The automatic run system 1 includes an operation terminal (a tablet terminal, a smartphone, or the like) that is operated by the operator. The operation terminal can communicate with the work vehicle 10 via a communication network such as a mobile phone network, a packet line network, or a wireless LAN. For example, the operator performs an operation of registering various types of information (work vehicle information, farm field information, work information and the like) in the operation terminal. At a position away from the work vehicle 10, the operator can grasp a running status, a work status, and the like of the work vehicle 10 from a running track that is displayed on the operation terminal.

[Work Vehicle 10]

As shown in FIG. 1 and FIG. 2, the work vehicle 10 includes a vehicle control unit 11, a storage unit 12, a run unit 13, the work instrument 14, a communication unit 15, a positioning unit 16, an operation unit 17, and the like. The vehicle control unit 11 is electrically connected to the storage unit 12, the run unit 13, the work instrument 14, the positioning unit 16, the operation unit 17, and the like. Note that the vehicle control unit 11 and the positioning unit 16 may be capable of performing a wireless communication. Further, the vehicle control unit 11 and the operation unit 17 may be capable of performing the wireless communication.

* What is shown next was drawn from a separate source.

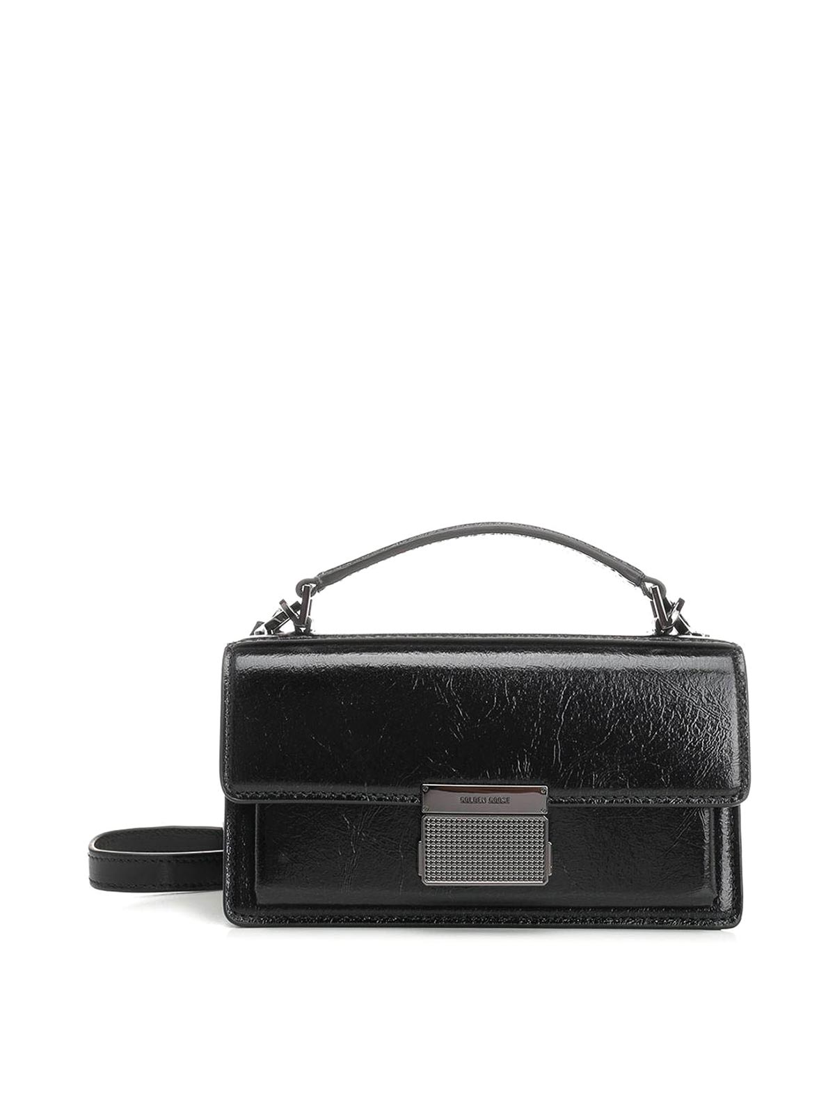 ゴールデングースデラックスブランドのベネチアバッグはブラックラミネート加工で、バックルとさまざまなデザインが特徴で、ダブルポケットと調節および取り外し可能なショルダーストラップが付いています

The communication unit 15 is a communication interface that connects the work vehicle 10 to the communication network in a wired or wireless manner, and performs, via the communication network, data communication, which accords to a given communication protocol, with an external device (operation terminal or the like).

The storage unit 12 is a non-volatile storage unit such as HDD (Hard Disk Drive) or SSD (Solid State Drive) that stores various types of information. The storage unit 12 stores control programs such as run control program for causing the vehicle control unit 11 to perform a run control process (see FIG. 9) to be described below. For example, the run control program is non-transiently recorded in a computer-readable recording medium, such as a CD or a DVD, and is read by a given reading device (not shown) and stored in the storage unit 12. Note that the run control program may be downloaded from a server (not shown) via the communication network to the work vehicle 10 and stored in the storage unit 12.

The run unit 13 is a driving unit that causes the work vehicle 10 to run. As shown in FIG. 2, the run unit 13 has an engine 131, a front wheel 132, a rear wheel 133, a transmission 134, a front axle 135, a rear axle 136, and a steering wheel 137, and the like. It is noted that the front wheel 132 and the rear wheel 133 are provided on the left and right sides, respectively, of the work vehicle 10. Further, the run unit 13 is not limited to that of a wheel type including the front wheels 132 and the rear wheels 133 but may be that of a crawler type including crawlers provided to the right and left sides of the work vehicle 10.

The engine 131 is a drive source such as a diesel engine or a gasoline engine driven by using a fuel supplied to a fuel tank (not shown). The run unit 13 may include an electric motor as a drive source together with the engine 131 or instead of the engine 131. It is noted that a generator (not shown) is connected to the engine 131, and supplies electric power to electric components such as the vehicle control unit 11, a battery and the like, which are provided in the work vehicle 10. The battery stores the electric power supplied from the generator. Further, even after the engine 131 is stopped, the electric components such as the vehicle control unit 11, the positioning unit 16, and the operation unit 17, which are provided in the work vehicle 10, can be driven by the electric power supplied from the battery.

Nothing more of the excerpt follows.